No, I was thinking 0-14mph.
https://www.fueleconomy.gov/feg/Find.do?action=sbs&id=38169&id=37309
This is the type of 'cheater' rating you see when a PHEV cannot complete EPA test loops without the ICE coming on at all. You should rate them by the MPGe to see how often the ICE comes on during the EPA cycle.
As you see in the link, the Volt is not 0-53 miles, it is 53 miles AER, and since gas engine does not come on during the EPA loops, it's 106 MPGe because of the higher efficiency of running in all electric mode during the tests. Now the Bimmer only sees 0-14 AER and 56 MPGe because it uses gas engine quite a bit to do the full EPA cycles. On the parts of the EPA test that it CAN run in AER mode, it can get 14 miles, but that's sort of cheating. A Volt will go further than 53 miles on electricity if it gets to skip the more aggressive test cycles, and it will get a higher MPGe. Chevy delivers more than EPA claims, BMW delivers less.
I know our G2 Volts when run easy with the AC on, go over 60 miles of AER and 125 MPGe, if I keep the peak speed to 65 mph, but average speed lower. Like in a congested urban freeway drive, or city driving. This is how a common low range plugin such as the X5 must be driven to reach 14 miles.

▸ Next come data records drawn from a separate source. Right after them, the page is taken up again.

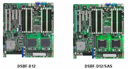 Компания ASUS разработала серверные платы ASUS DSBF-D12 и DSBF-D12/SAS. Эти платы поддерживают как двуядерные процессоры семейства Intel Xeon 5000/5100, так и четырехъядерные процессоры семейства Intel Xeon 5300, и используют модули памяти ECC DDR2 FBD (полностью буферизованные модули с контролем четности).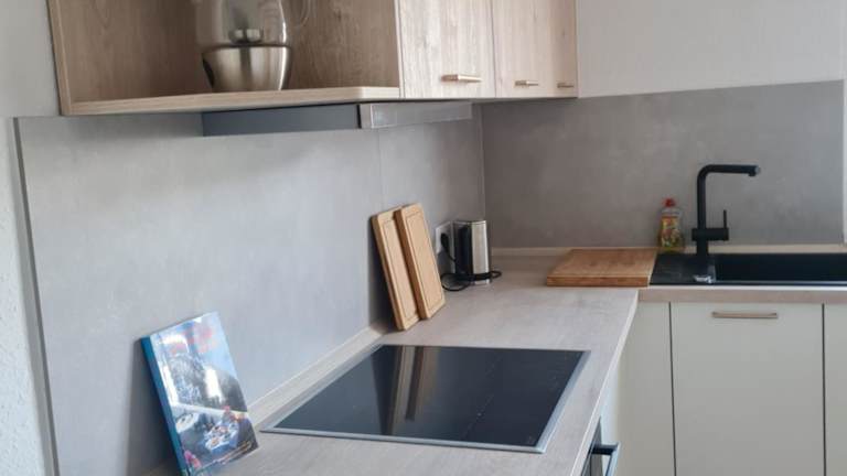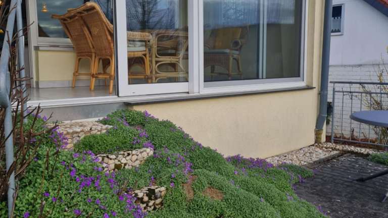 Die Ferienwohnung verfügt über ein Schlafzimmer, ein Wohnzimmer und bietet eine Terrasse mit Gartenblick. Zur Ausstattung gehören ein Flachbild-TV, eine gut ausgestattete Küche mit Kühlschrank und Geschirrspüler sowie ein Badezimmer mit Dusche. Handtücher und Bettwäsche werden bereitgestellt. Es sind Nichtraucherzimmer vorhanden.
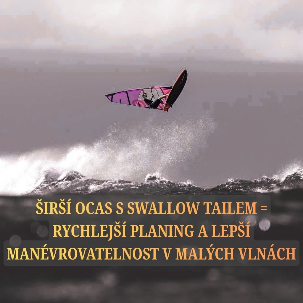 Širší ocas s swallow tailem = rychlejší planing a lepší manévrovatelnost v malých vlnách. Užší nos přidává přesnost bez ztráty stability.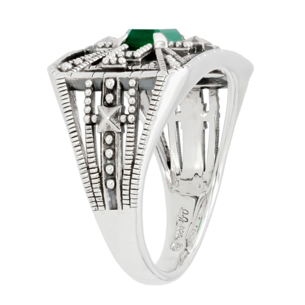 素材:[グリーンメノウ] レクタングルカット 爪留め/接着 1石 最大幅(約) 12.5mm 最小幅(約) 2.5mm 総重量(約) 4.1g [地金] シルバー925 [仕上げ] アンティーク仕上げ ■素材の大きさ・形・色合い、製品のサイズは1点1点多少異なります ■専用ケース付 【タイ製】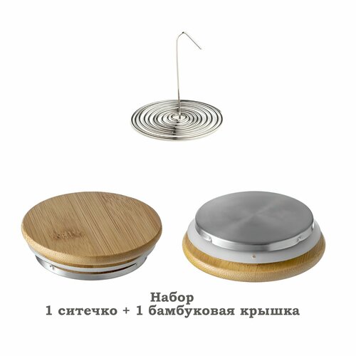 Набор: 1 крышка для чайника бамбук + 1 ситечко для носика

But why would I call the Bimmer Plugins weak? The X5 version can go 0-60 mph on pure electricity. However: "in EV mode the X5 xDrive40e needs 22.6 seconds to reach 60 mph" per Car & Driver. That is 1/3 the EV acceleration of the Volt.
BTW - This is why we did not end up the CT6 PHEV version. It suffers the same deficiencies as the Euro shortrange PHEVs. Not nearly as bad as the X5 PHEV, but why bother? We just selected the 3.0 TT Platinum. Why haul around 18.4 kWh of battery if you need to run it off gas anyways for acceleration. But at least the CT6 PHEV gets the full $7500 fed credit and a California HOV sticker (which requires 20 miles of range now). But it is also a message to GM. I will not buy watered down compliance cars from them. They need to make a real effort to get my dollars. Which by the way is about the same as the X5 PHEV due to the difference in fed credit.